Re: Stupid Compiler Tricks

From: Mark A. Heilpern (heilpern@MINDSPRING.COM)
Date: 05/14/98

Try removing your compiler optimization flags. One optimization
technique is to combine two variables that are not used at the
same time into one location - this makes data needs smaller and
makes your code harder to debug. Perhaps this is what you're
running up against.

Debugging optimized code can be an interesting experience.

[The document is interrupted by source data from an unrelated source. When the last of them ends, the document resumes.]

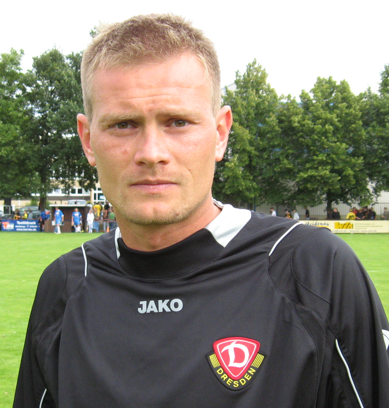 Axel Keller after a testmatch between SG Dynamo Dresden and FK Siad Most at Heidenau Sportforum.
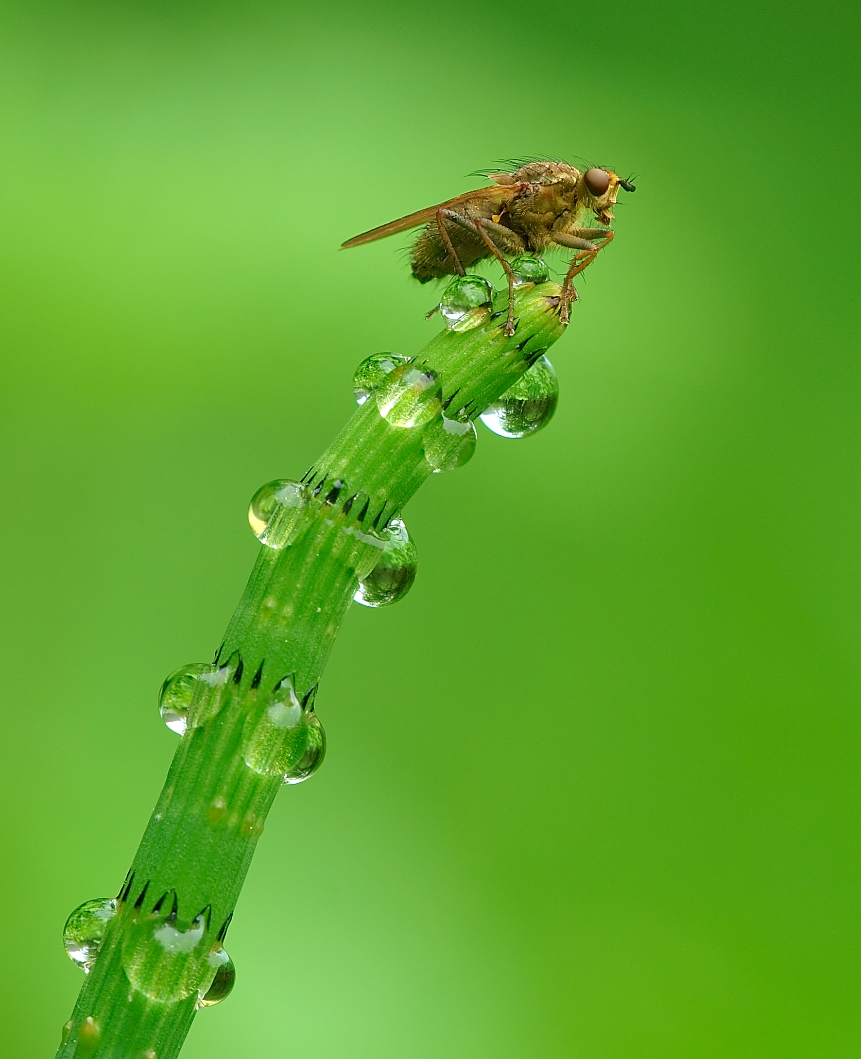 Scatophaga stercoraria
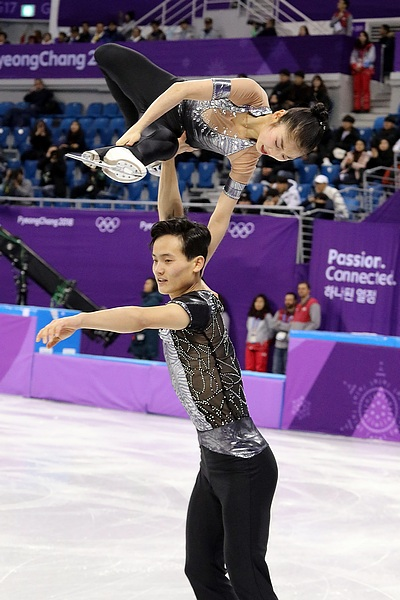 Photos – Olympics 2018 – Pairs (RYOM Tae Ok KIM Ju Sik PRK – 13th Place)
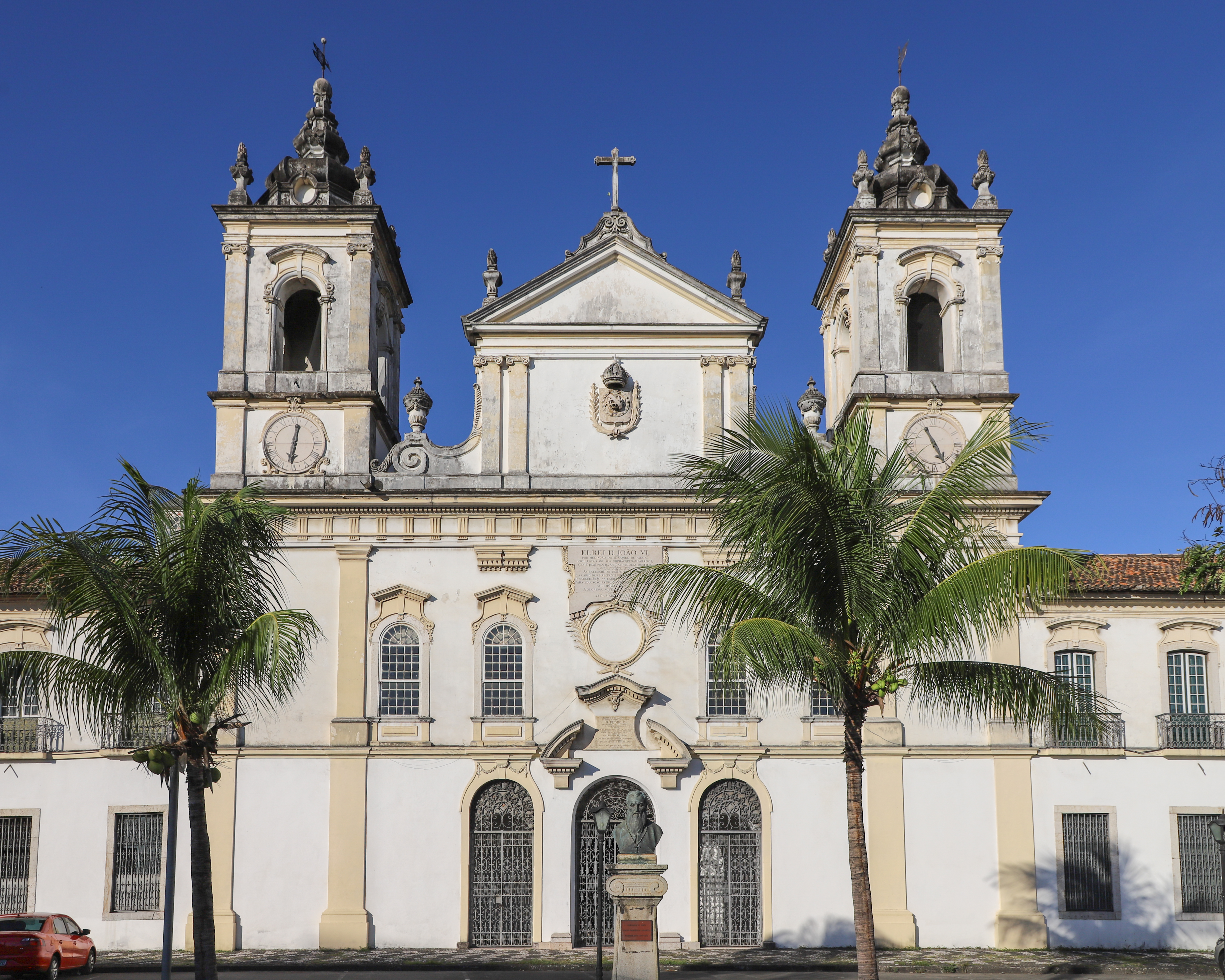 Igreja de São Joaquim, Casa Pia e Colégio dos Órfãos de São Joaquim, Salvador, Bahia, Brazil.
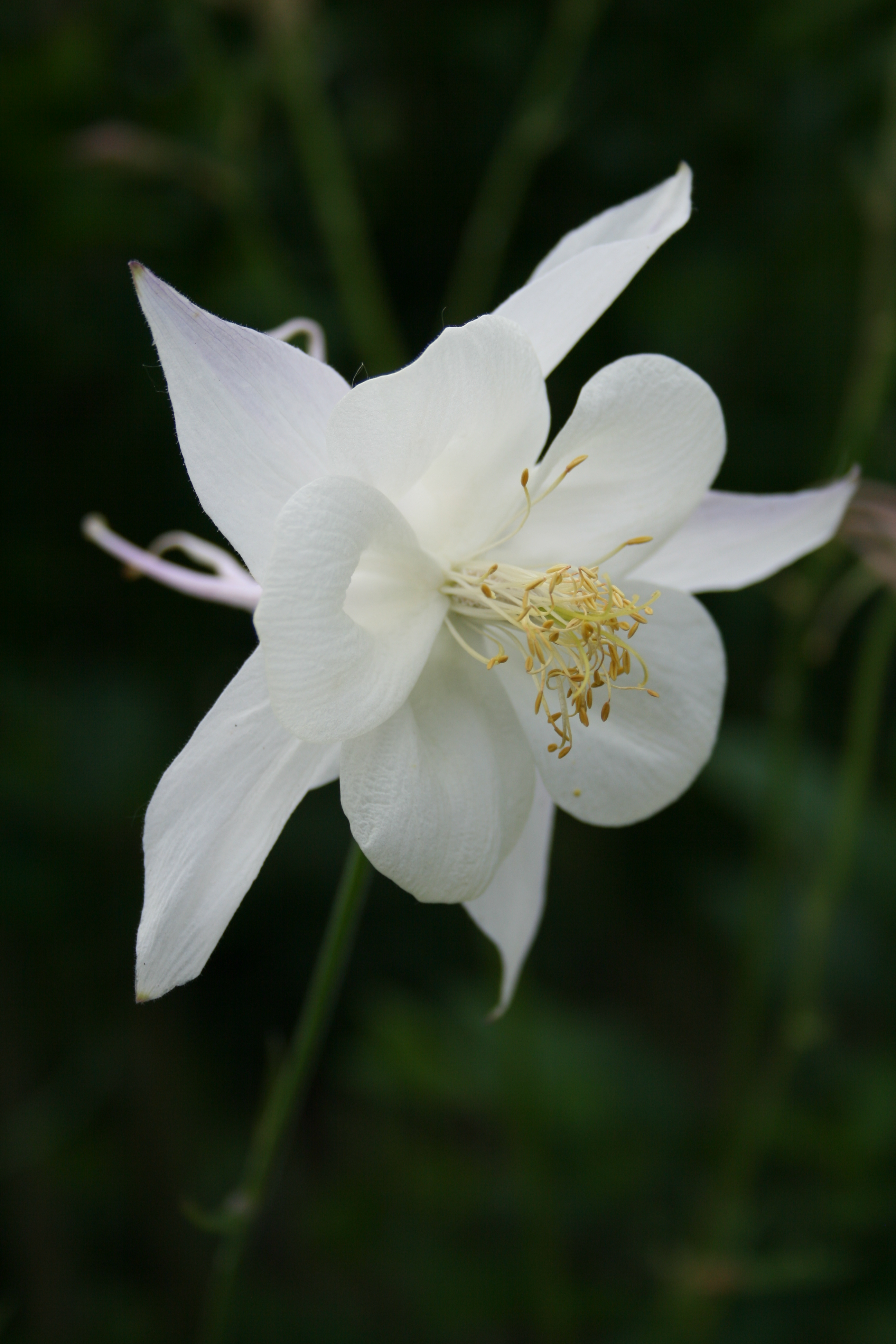 Aquilegia × cultorum 'Kristall'
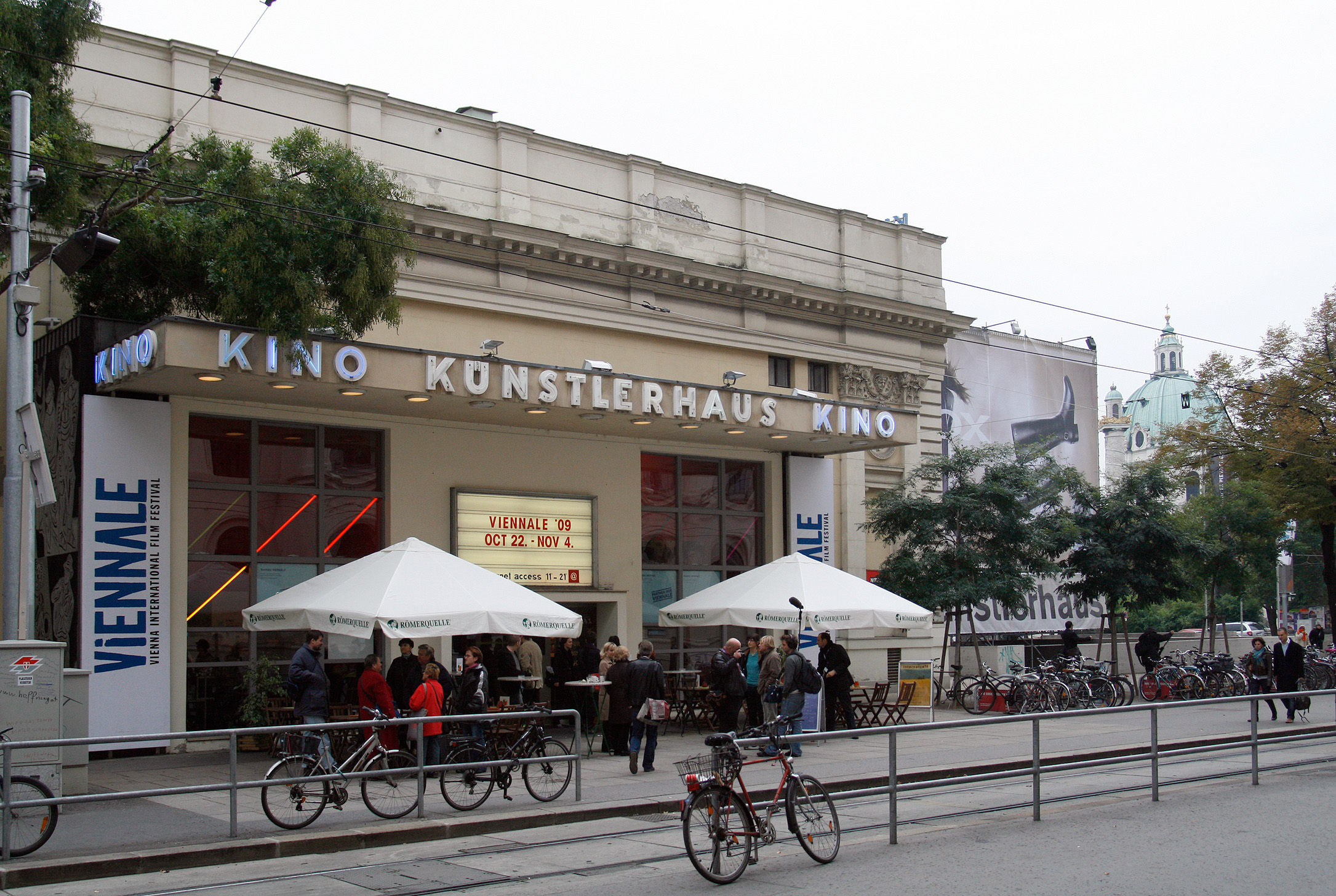 The cinema at the Künstlerhaus during the Vienna International Film Festival 2009.

At 12:17 PM 5/14/98 -0500, you wrote:
>I've had the strangest thing happen to me while troubleshooting code
>recently.  I worked around it the first time, but tis is something that
>definitely needs fixing.
>What is happening is that I'm adding variables and code to an existing
>function (mobile_activity) which when compiled are completely ignored.
>Dong an "info locals" in gdb doesn't show my variables, and if I try to
>print them, I'm told there aren't any variables of that name in this
>context.  Strangely, the code shows up as expected when I "list" it, and
>if I pass the variables to functions, they're passed as 0.
>Here's a specific example.  I'm adding a dragon breath feature where I
>need to check each mob for it's dragon type, which I then pass to the
>dragon_breath() function if the mob is a dragon and fighting.  I'm using
>flags to set dragon type so I don't have to do anything with the mob
>In mobile_activity(), I added int dragon_type.  A little ways down,
>dragon_type is found by doing some bit shifting (I'm using 5 mob flag bits
>to allow for 31 dragon types).  If the dragon type is valid and the mob is
>fighting, I call dragon_breath(ch, dragon_type).
>Now, when this code runs, it acts as if dragon_type is always 0.  I've
>doublechecked my math to make sure it's correct.  GDB tells me dragon_type
>doesn't exist in mobile_activity.
>Any ideas about what's going on here?